═══ THE RECORDS
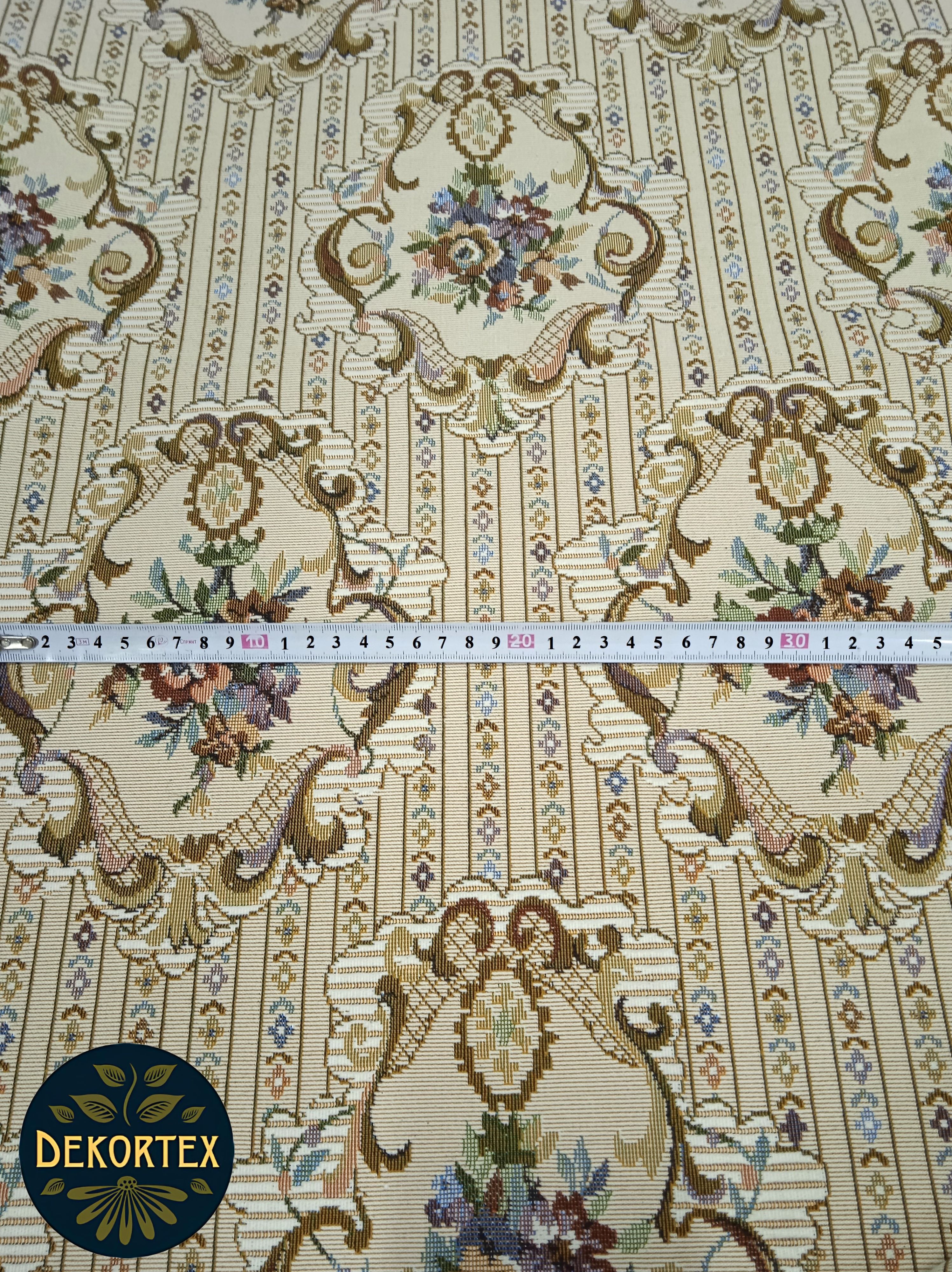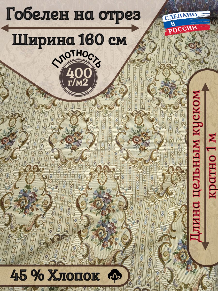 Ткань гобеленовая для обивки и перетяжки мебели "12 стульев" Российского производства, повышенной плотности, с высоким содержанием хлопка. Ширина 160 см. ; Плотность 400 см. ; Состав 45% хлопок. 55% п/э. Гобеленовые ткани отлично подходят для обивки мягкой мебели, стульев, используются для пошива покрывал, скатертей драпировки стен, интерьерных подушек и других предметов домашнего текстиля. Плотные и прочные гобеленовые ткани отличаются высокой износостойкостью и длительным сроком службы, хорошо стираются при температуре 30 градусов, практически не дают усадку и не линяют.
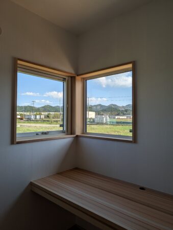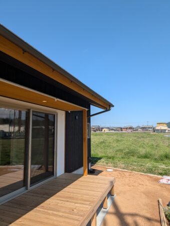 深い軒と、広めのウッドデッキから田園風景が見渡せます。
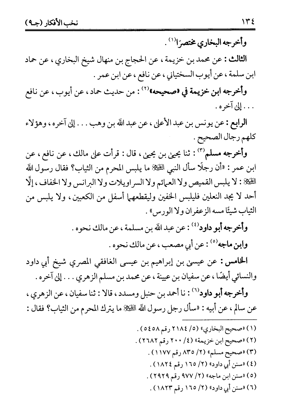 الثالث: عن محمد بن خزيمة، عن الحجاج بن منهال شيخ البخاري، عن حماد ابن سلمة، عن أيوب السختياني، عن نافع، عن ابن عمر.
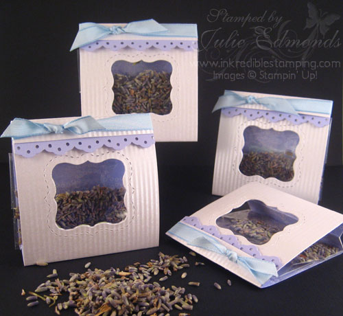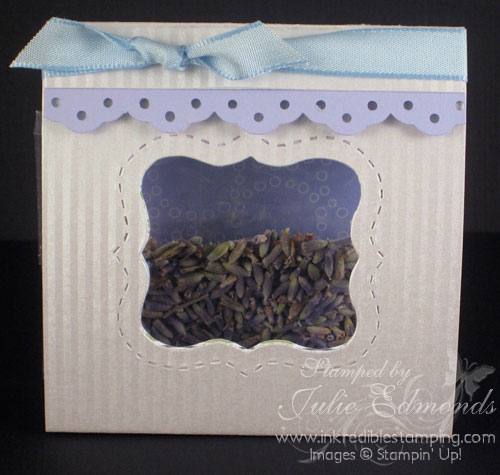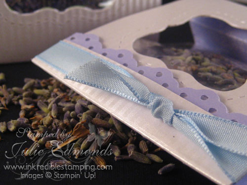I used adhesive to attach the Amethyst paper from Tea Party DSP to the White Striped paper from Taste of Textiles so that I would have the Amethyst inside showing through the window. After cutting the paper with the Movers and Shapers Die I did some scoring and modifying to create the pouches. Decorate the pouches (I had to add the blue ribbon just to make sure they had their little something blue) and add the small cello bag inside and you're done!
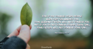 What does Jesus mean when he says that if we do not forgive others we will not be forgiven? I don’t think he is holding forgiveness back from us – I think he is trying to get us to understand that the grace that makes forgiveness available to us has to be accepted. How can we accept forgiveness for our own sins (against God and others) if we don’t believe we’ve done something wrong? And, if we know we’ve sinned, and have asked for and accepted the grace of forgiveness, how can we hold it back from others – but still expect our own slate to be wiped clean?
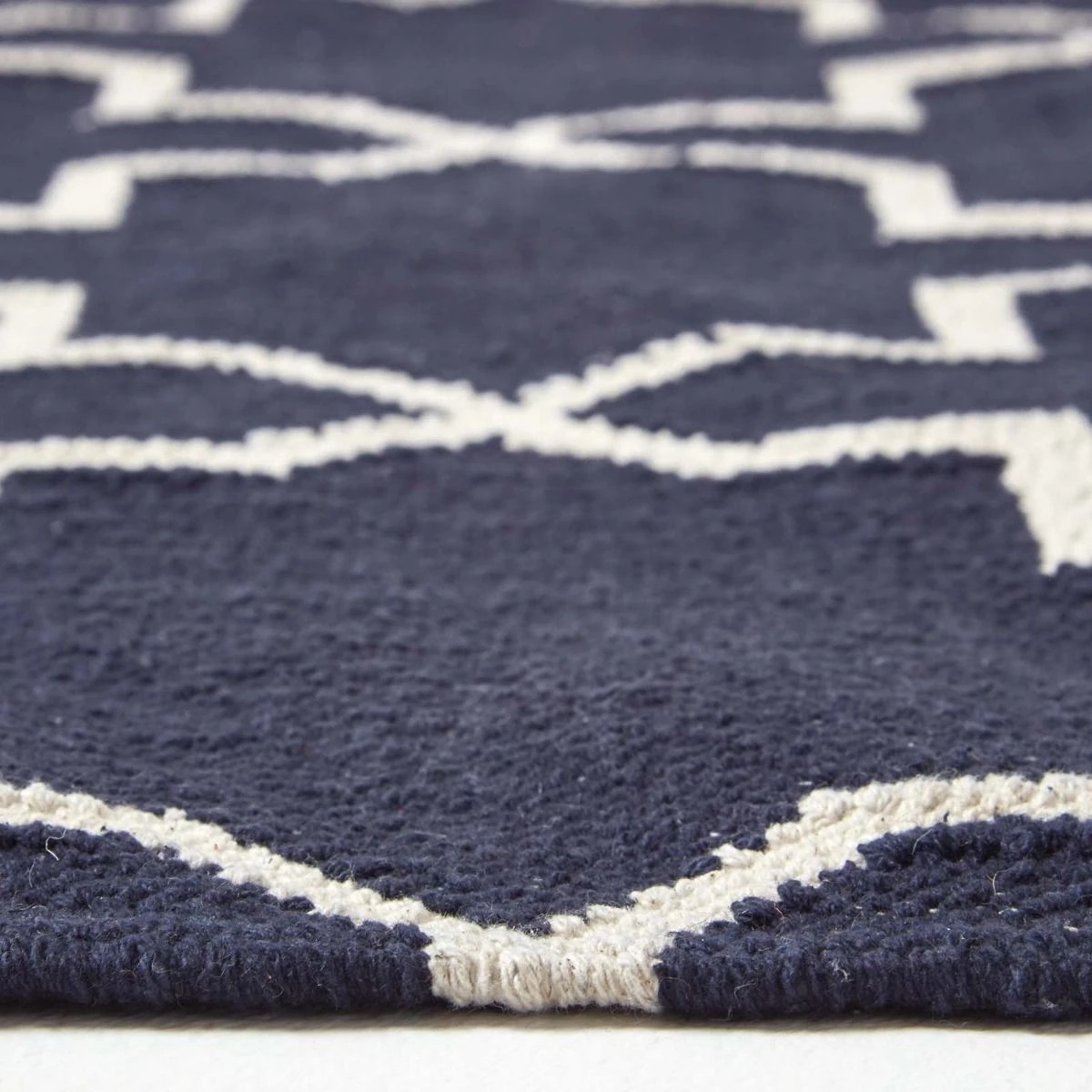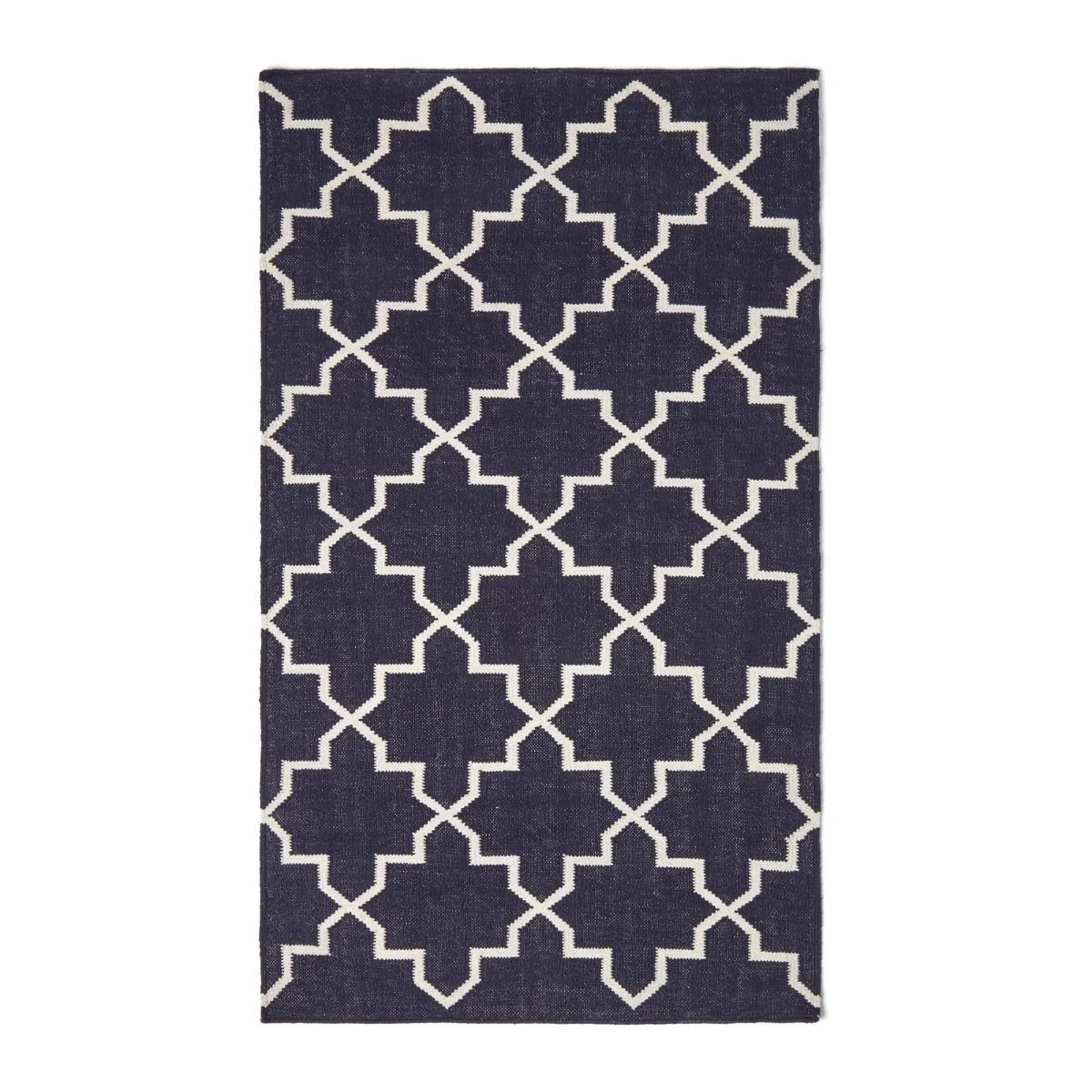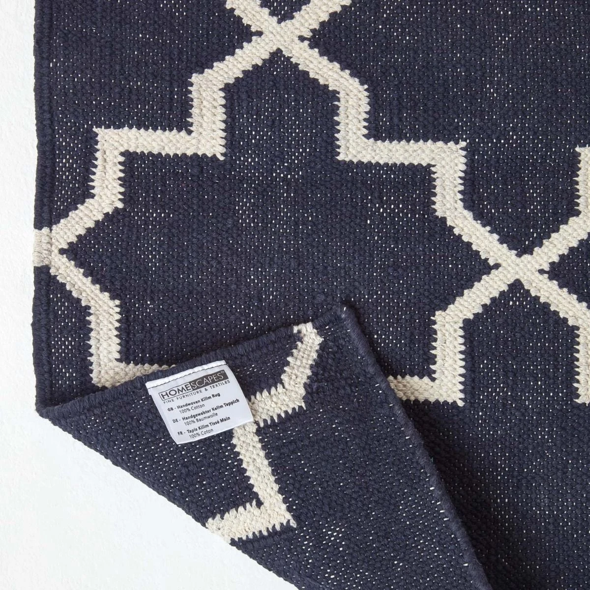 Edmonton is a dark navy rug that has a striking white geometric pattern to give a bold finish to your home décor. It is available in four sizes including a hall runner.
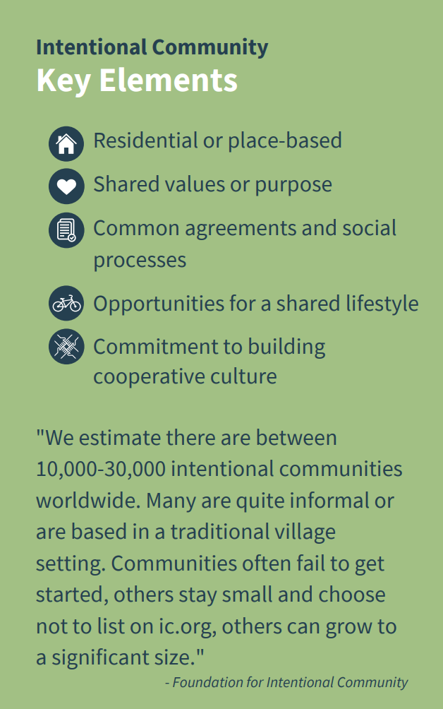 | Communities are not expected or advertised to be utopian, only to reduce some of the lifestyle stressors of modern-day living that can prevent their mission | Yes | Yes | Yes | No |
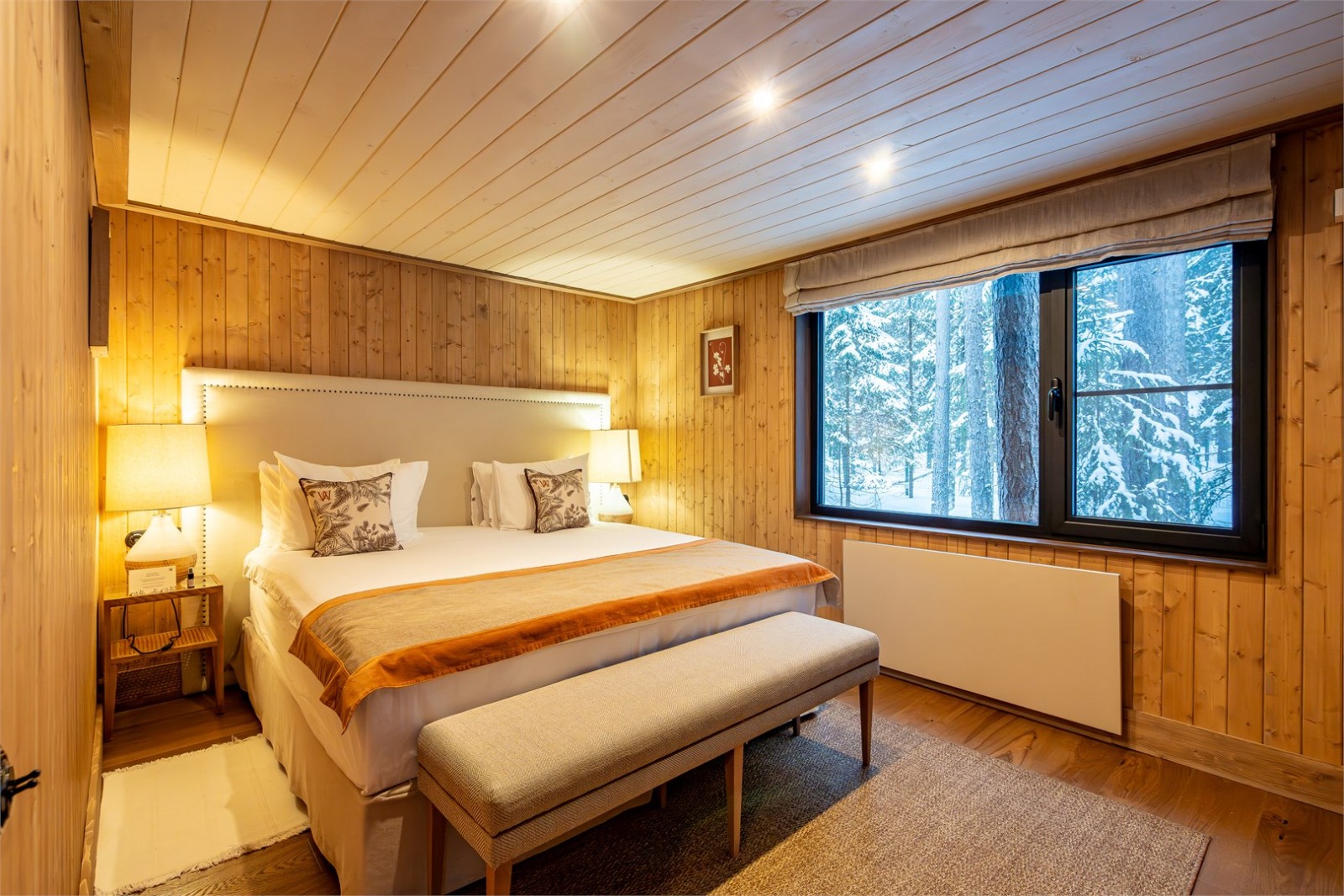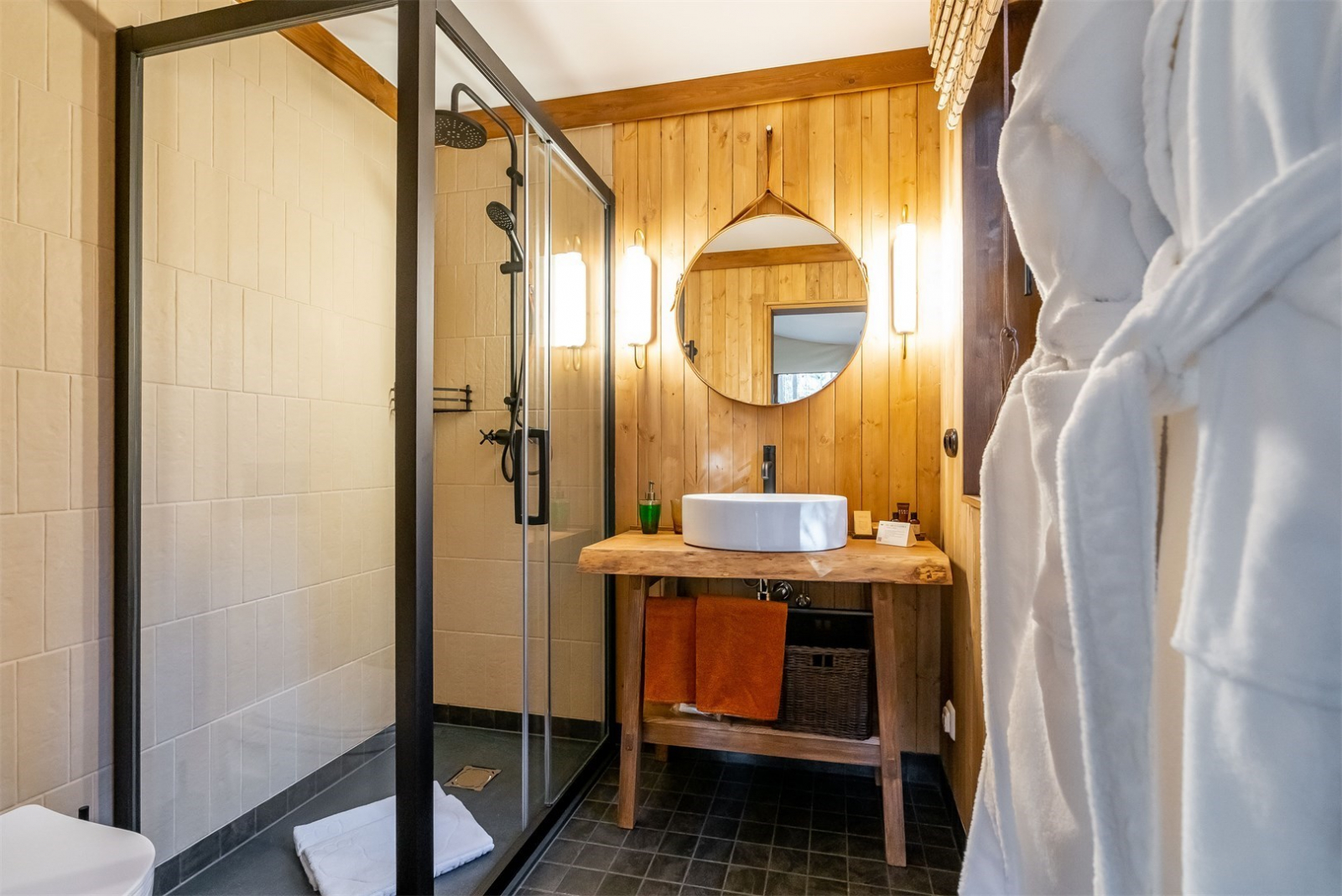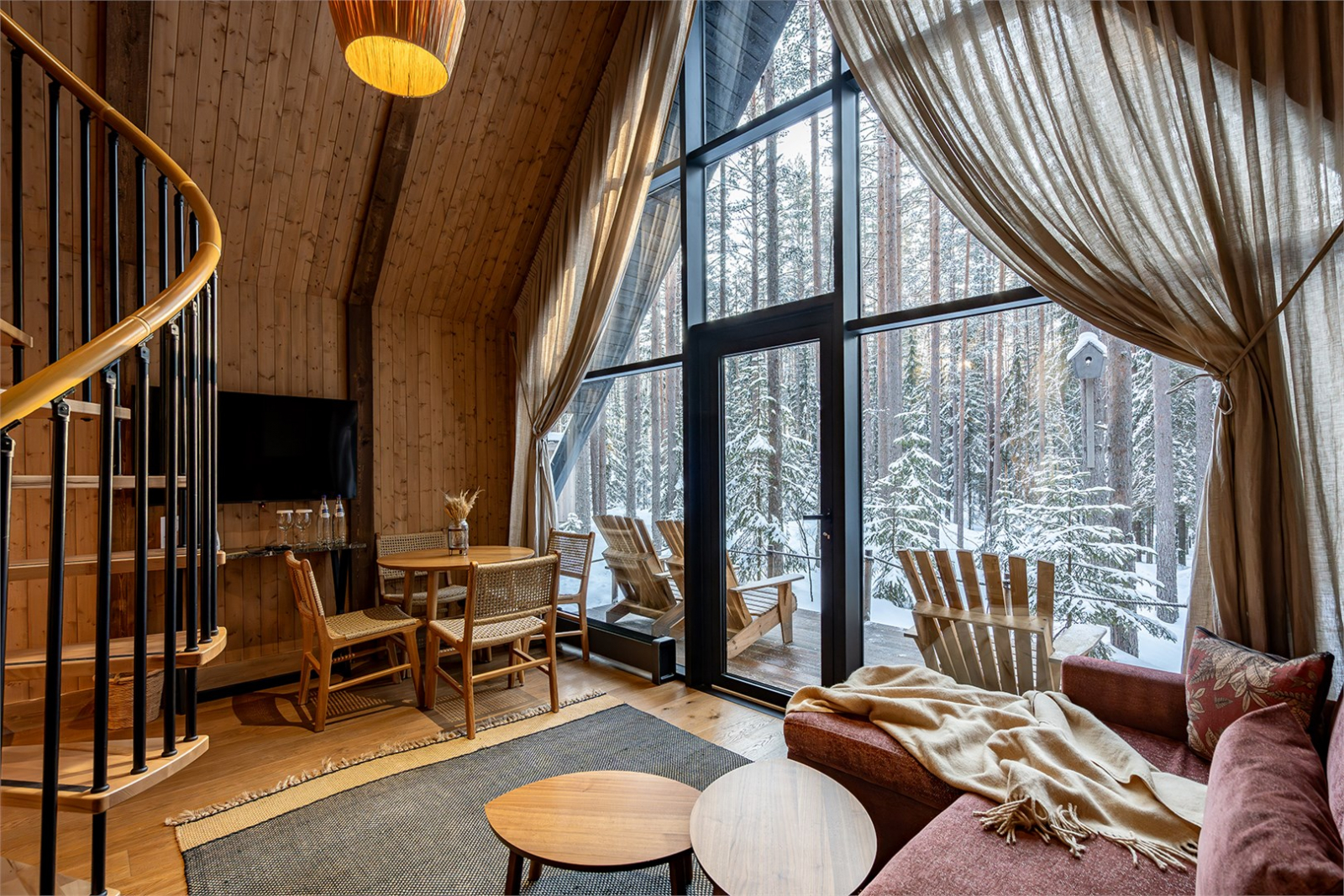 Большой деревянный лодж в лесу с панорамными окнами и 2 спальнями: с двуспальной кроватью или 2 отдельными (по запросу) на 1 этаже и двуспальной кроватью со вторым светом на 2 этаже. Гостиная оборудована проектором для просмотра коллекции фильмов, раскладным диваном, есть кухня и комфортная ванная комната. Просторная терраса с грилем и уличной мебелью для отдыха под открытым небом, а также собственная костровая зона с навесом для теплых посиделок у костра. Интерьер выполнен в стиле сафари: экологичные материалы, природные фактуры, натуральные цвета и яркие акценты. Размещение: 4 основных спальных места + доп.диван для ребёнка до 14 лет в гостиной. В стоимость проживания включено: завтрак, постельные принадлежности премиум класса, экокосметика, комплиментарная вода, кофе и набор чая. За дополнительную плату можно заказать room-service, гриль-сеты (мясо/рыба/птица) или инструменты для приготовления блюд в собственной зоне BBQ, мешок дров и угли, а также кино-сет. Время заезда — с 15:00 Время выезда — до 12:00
══════
ASSIGNMENT
Please output the records above exactly, without the pictures.

SOLUTION TO THIS TASK
 Ткань гобеленовая для обивки и перетяжки мебели "12 стульев" Российского производства, повышенной плотности, с высоким содержанием хлопка. Ширина 160 см. ; Плотность 400 см. ; Состав 45% хлопок. 55% п/э. Гобеленовые ткани отлично подходят для обивки мягкой мебели, стульев, используются для пошива покрывал, скатертей драпировки стен, интерьерных подушек и других предметов домашнего текстиля. Плотные и прочные гобеленовые ткани отличаются высокой износостойкостью и длительным сроком службы, хорошо стираются при температуре 30 градусов, практически не дают усадку и не линяют.
 深い軒と、広めのウッドデッキから田園風景が見渡せます。
 الثالث: عن محمد بن خزيمة، عن الحجاج بن منهال شيخ البخاري، عن حماد ابن سلمة، عن أيوب السختياني، عن نافع، عن ابن عمر.
I used adhesive to attach the Amethyst paper from Tea Party DSP to the White Striped paper from Taste of Textiles so that I would have the Amethyst inside showing through the window. After cutting the paper with the Movers and Shapers Die I did some scoring and modifying to create the pouches. Decorate the pouches (I had to add the blue ribbon just to make sure they had their little something blue) and add the small cello bag inside and you're done!
 What does Jesus mean when he says that if we do not forgive others we will not be forgiven? I don’t think he is holding forgiveness back from us – I think he is trying to get us to understand that the grace that makes forgiveness available to us has to be accepted. How can we accept forgiveness for our own sins (against God and others) if we don’t believe we’ve done something wrong? And, if we know we’ve sinned, and have asked for and accepted the grace of forgiveness, how can we hold it back from others – but still expect our own slate to be wiped clean?
 Edmonton is a dark navy rug that has a striking white geometric pattern to give a bold finish to your home décor. It is available in four sizes including a hall runner.
 | Communities are not expected or advertised to be utopian, only to reduce some of the lifestyle stressors of modern-day living that can prevent their mission | Yes | Yes | Yes | No |
 Большой деревянный лодж в лесу с панорамными окнами и 2 спальнями: с двуспальной кроватью или 2 отдельными (по запросу) на 1 этаже и двуспальной кроватью со вторым светом на 2 этаже. Гостиная оборудована проектором для просмотра коллекции фильмов, раскладным диваном, есть кухня и комфортная ванная комната. Просторная терраса с грилем и уличной мебелью для отдыха под открытым небом, а также собственная костровая зона с навесом для теплых посиделок у костра. Интерьер выполнен в стиле сафари: экологичные материалы, природные фактуры, натуральные цвета и яркие акценты. Размещение: 4 основных спальных места + доп.диван для ребёнка до 14 лет в гостиной. В стоимость проживания включено: завтрак, постельные принадлежности премиум класса, экокосметика, комплиментарная вода, кофе и набор чая. За дополнительную плату можно заказать room-service, гриль-сеты (мясо/рыба/птица) или инструменты для приготовления блюд в собственной зоне BBQ, мешок дров и угли, а также кино-сет. Время заезда — с 15:00 Время выезда — до 12:00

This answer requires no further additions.